Sitting watching bad things happen on a screen with my baby brother crying. Or being on a beach somewhere with crashing waves and the dogs, the Frisbees, the cricket. These were things I could understand and believe in. But the uncooperative limbs and wayward thoughts of this changed, alien self belonged to someone else. A roaring disconnect lay between the person I'd been and the person I now was, and the only way I could remain something like sane was to think of this new creature as "Martha Chauhan".

"I'm so grateful you're still here and alive," a tired, grey-haired man Martha knew to be her father was saying as he spoon-fed her. "Is there much…" The offered spoon trembled in age-mottled fingers. "…you can remember of how all this happened?"

Martha made the slow effort to shake her head, then to open her mouth and swallow.

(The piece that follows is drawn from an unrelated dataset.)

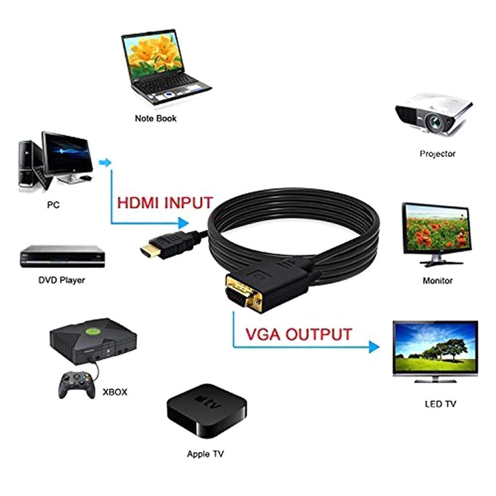 Cabo Conversor Hdmi Macho Para Vga Macho 1.80 Metros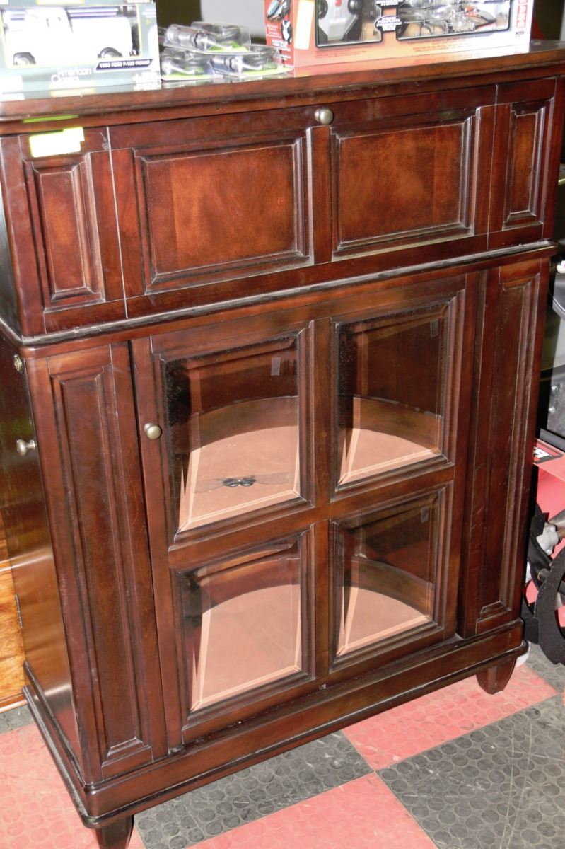 COMES WITH MIRRORED BACK, ROTATING STORAGE, SIDE DOOR STORAGE, ORIGINAL TAGS & KEY 39"X16"54"H

"There was a break-in, you see, here at our house. I don't know how the person got in, nor why the systems didn't go off, or why poor Garm wasn't alerted. But he wasn't. Neither was I – I'm too old, too deaf – and I think it was your brother Damien who must have heard something, perhaps the glass of the back door being broken, and got you to go downstairs with him. And then I believe the intruder must have panicked. After all, it can't be easy, to be standing alone in the dark of someone else's kitchen. A gun going off – that was what woke
me
, and by the time I got downstairs the intruder had fled and poor Damien was past any kind of help, although at least I know he didn't suffer. And poor Garm, of course, proved to be no use at all, and I had him reformatted and sold. But then, you never did like him much, did you? I thought you were lost to me as well for a while, Martha, what with the damage that bullet had inflicted to your head. But you're here and alive and so am I and for that I'm incredibly, impossibly grateful… We've spilled a bit there, though, haven't we? Hold on, I'll get a cloth…"

Eventually, Martha learned how to sit up unaided, and to spoon, chew and swallow her own food. It was a slow process. Through several sleepless years, as her father grew withered and exhausted from wiping her arse and changing the sheets and tending the machines, she learned how to walk and talk and returned to some kind of living. He never left her. He never let go. He never relented. He was a sunken smile and tired eyes. He was the stooped back that lifted her and hands which were always willing to hold. He never spared the time or energy for any feelings of rage, or such abstract concepts as retribution, although he surely knew who was responsible for the destruction of his family, and had sufficient evidence to prove it, even in days when justice was about as reliable as the power grid and the police were privatised crooks. Karl Yann slunk off toward the sunrise of this bright new world, whilst Martha Chauhan's father's heart gave out from grief and exhaustion, and she was left empty, damaged and alone.